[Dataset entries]
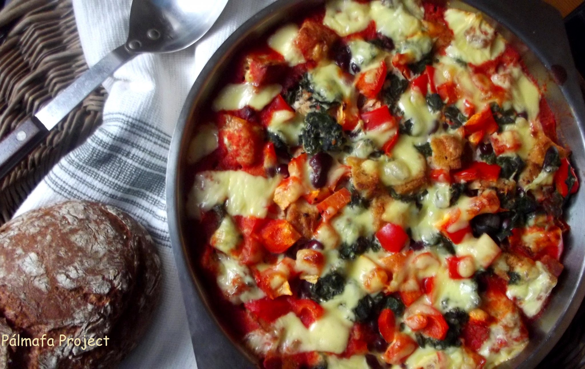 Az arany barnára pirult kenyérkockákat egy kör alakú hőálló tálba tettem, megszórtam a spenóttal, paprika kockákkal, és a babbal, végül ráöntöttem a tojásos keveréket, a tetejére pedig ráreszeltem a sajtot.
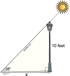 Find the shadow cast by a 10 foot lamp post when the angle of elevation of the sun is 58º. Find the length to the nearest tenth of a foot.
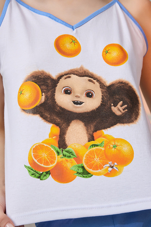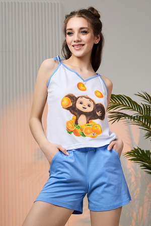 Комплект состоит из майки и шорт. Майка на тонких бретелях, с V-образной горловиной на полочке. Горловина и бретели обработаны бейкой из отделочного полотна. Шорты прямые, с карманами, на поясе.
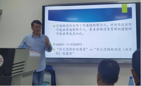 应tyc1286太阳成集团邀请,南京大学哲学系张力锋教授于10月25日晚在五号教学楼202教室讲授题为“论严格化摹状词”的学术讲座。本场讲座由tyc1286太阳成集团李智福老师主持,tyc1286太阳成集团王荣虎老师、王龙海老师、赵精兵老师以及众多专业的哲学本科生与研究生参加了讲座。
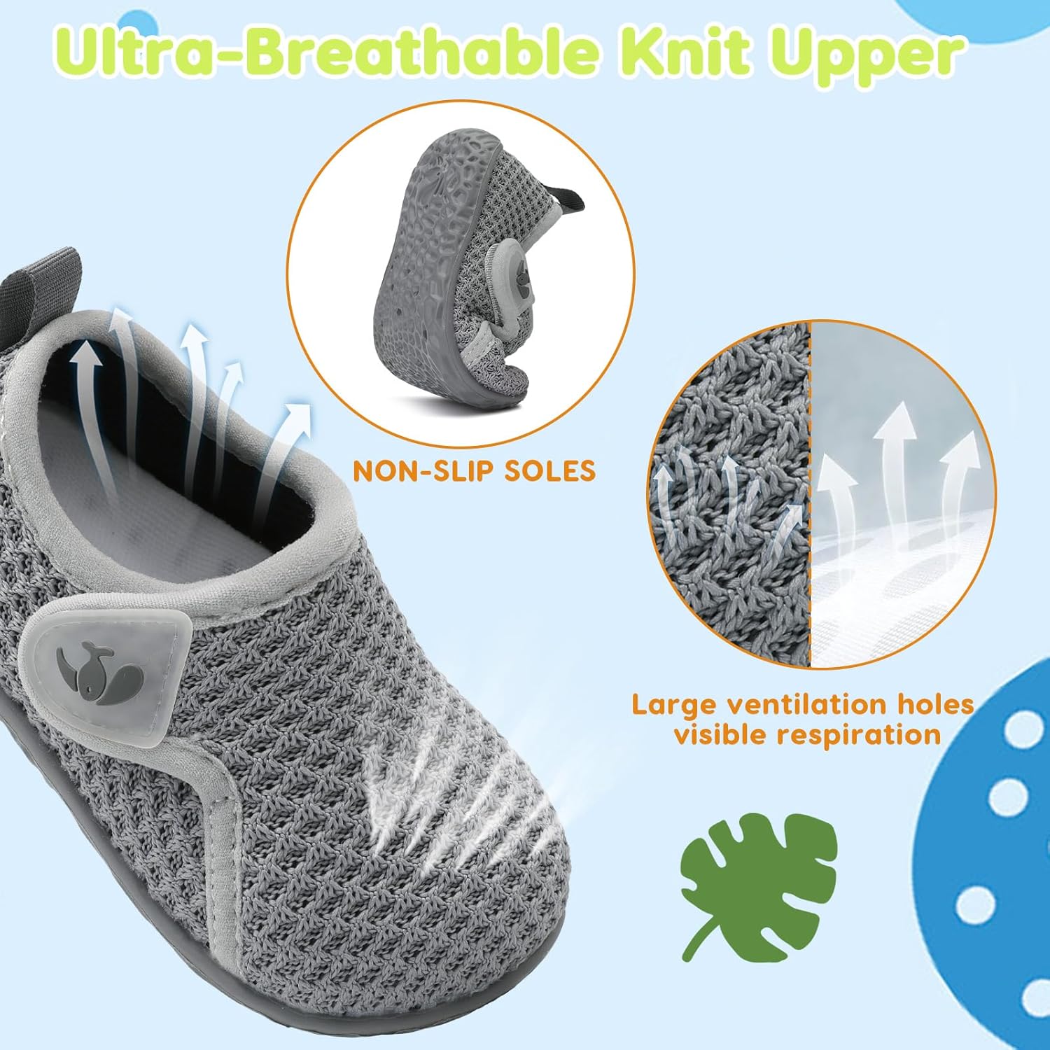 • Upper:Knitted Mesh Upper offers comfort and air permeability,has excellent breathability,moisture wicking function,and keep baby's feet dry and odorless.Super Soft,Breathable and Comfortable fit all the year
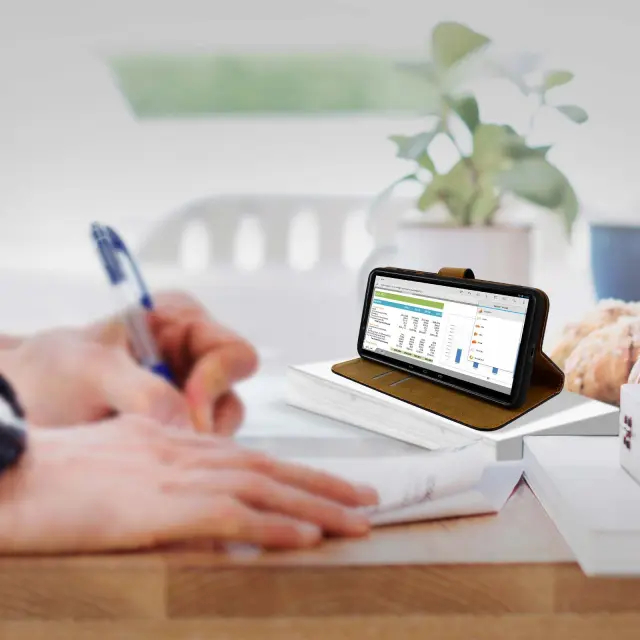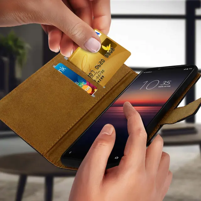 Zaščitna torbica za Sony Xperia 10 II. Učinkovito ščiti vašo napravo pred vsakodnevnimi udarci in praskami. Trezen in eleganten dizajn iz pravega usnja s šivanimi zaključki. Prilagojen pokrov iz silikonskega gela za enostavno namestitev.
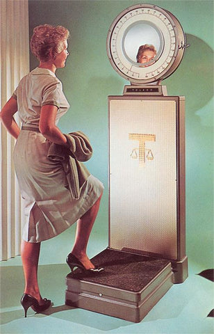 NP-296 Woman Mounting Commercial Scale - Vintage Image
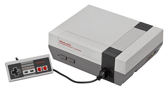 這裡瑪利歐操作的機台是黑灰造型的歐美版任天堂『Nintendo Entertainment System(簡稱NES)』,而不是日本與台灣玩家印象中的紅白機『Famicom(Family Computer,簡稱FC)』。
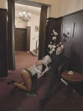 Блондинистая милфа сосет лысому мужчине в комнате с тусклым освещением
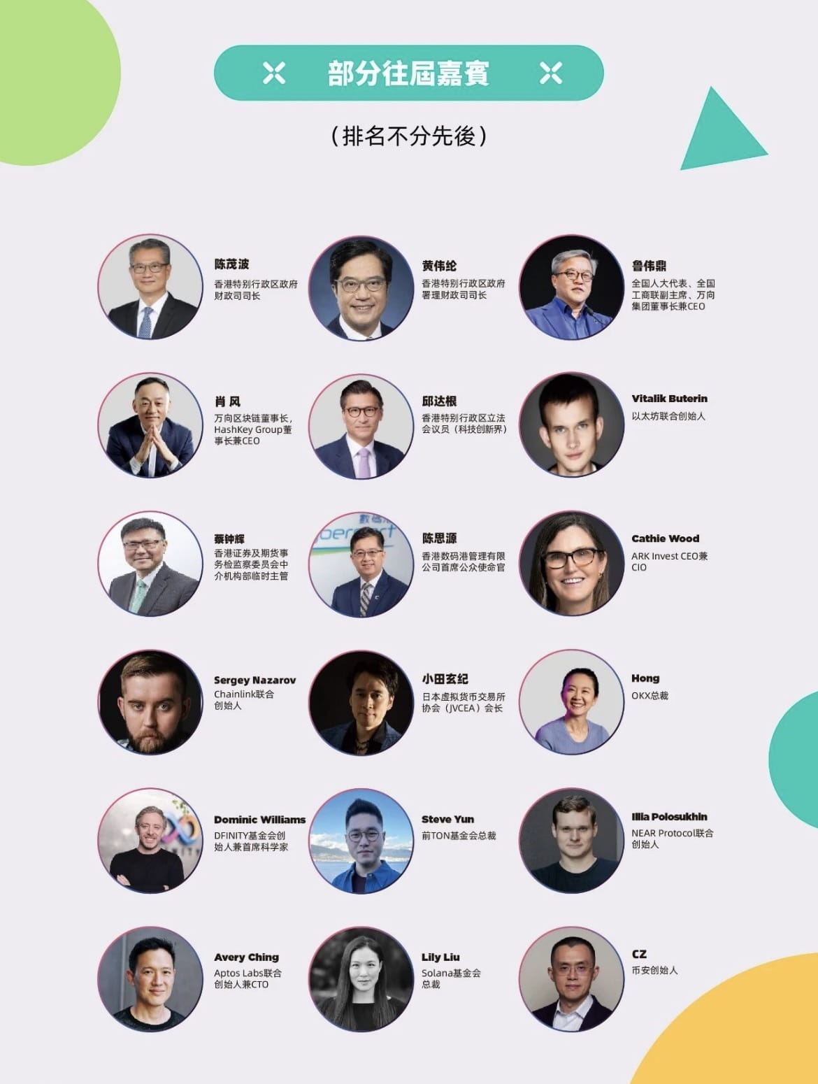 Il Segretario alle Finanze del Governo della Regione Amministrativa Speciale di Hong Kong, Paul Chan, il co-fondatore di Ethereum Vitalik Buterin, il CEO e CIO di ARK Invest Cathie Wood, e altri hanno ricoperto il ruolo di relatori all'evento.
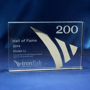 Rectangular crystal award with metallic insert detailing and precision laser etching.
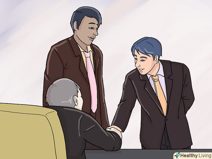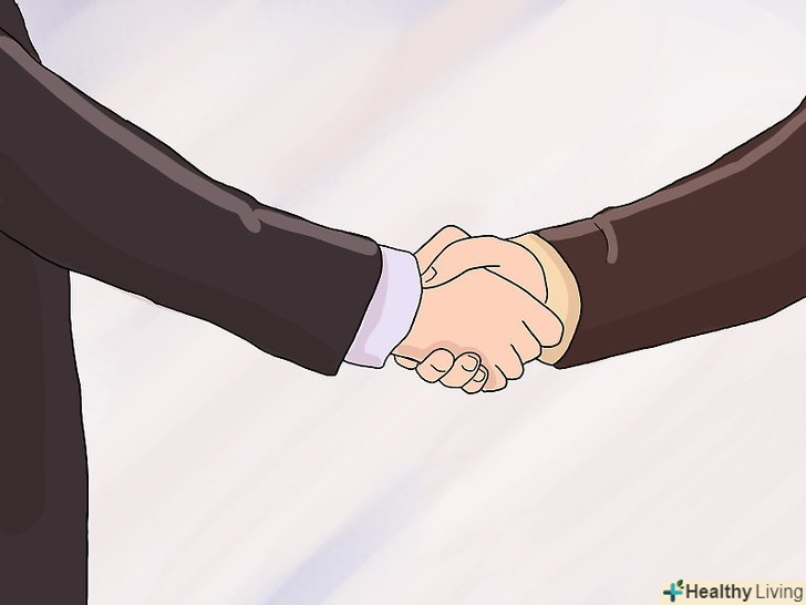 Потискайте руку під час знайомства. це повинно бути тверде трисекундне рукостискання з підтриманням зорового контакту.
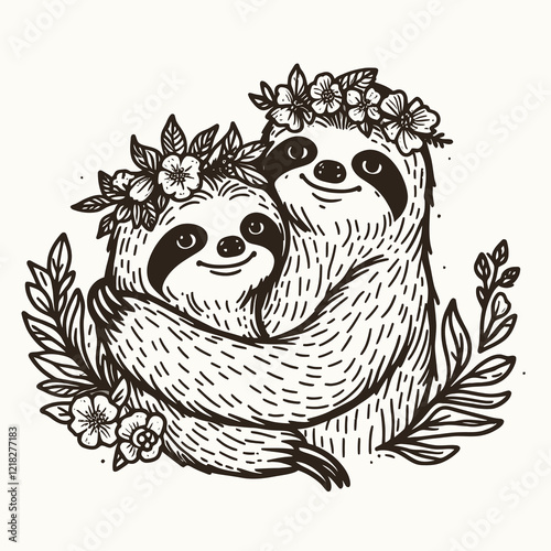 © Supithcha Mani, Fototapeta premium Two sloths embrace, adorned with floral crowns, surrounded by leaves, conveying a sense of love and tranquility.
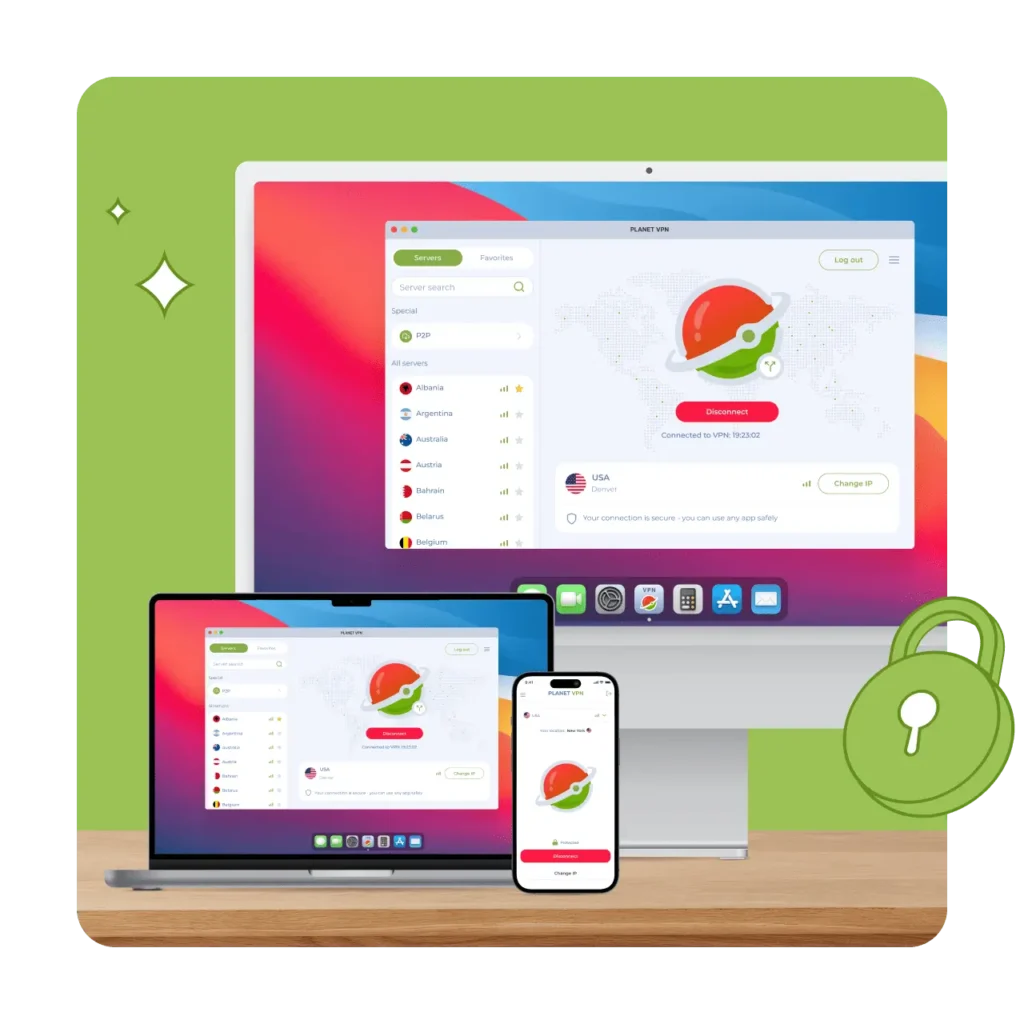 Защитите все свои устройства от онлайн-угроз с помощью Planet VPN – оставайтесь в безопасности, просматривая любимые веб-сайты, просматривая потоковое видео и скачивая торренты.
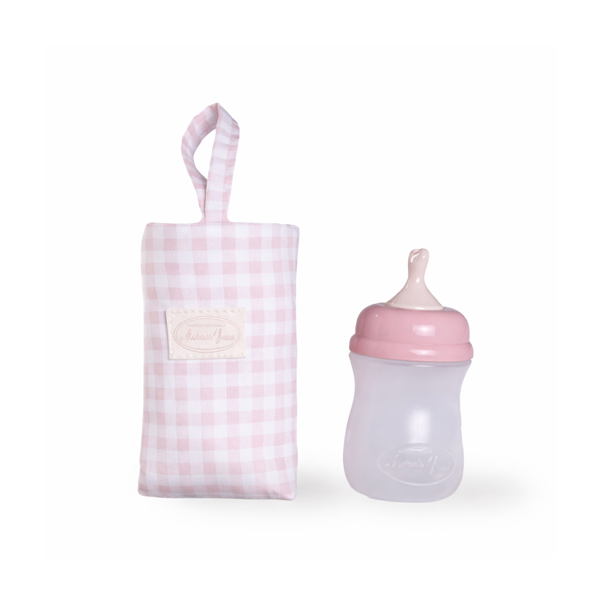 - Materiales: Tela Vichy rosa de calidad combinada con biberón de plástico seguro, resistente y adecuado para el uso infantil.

What you have to do → Print an exact copy of the lines above, from the one containing "应tyc1286太阳成集团邀" through the one containing "all the year", and leave out the pictures.

Expected answer →
 应tyc1286太阳成集团邀请,南京大学哲学系张力锋教授于10月25日晚在五号教学楼202教室讲授题为“论严格化摹状词”的学术讲座。本场讲座由tyc1286太阳成集团李智福老师主持,tyc1286太阳成集团王荣虎老师、王龙海老师、赵精兵老师以及众多专业的哲学本科生与研究生参加了讲座。
 • Upper:Knitted Mesh Upper offers comfort and air permeability,has excellent breathability,moisture wicking function,and keep baby's feet dry and odorless.Super Soft,Breathable and Comfortable fit all the year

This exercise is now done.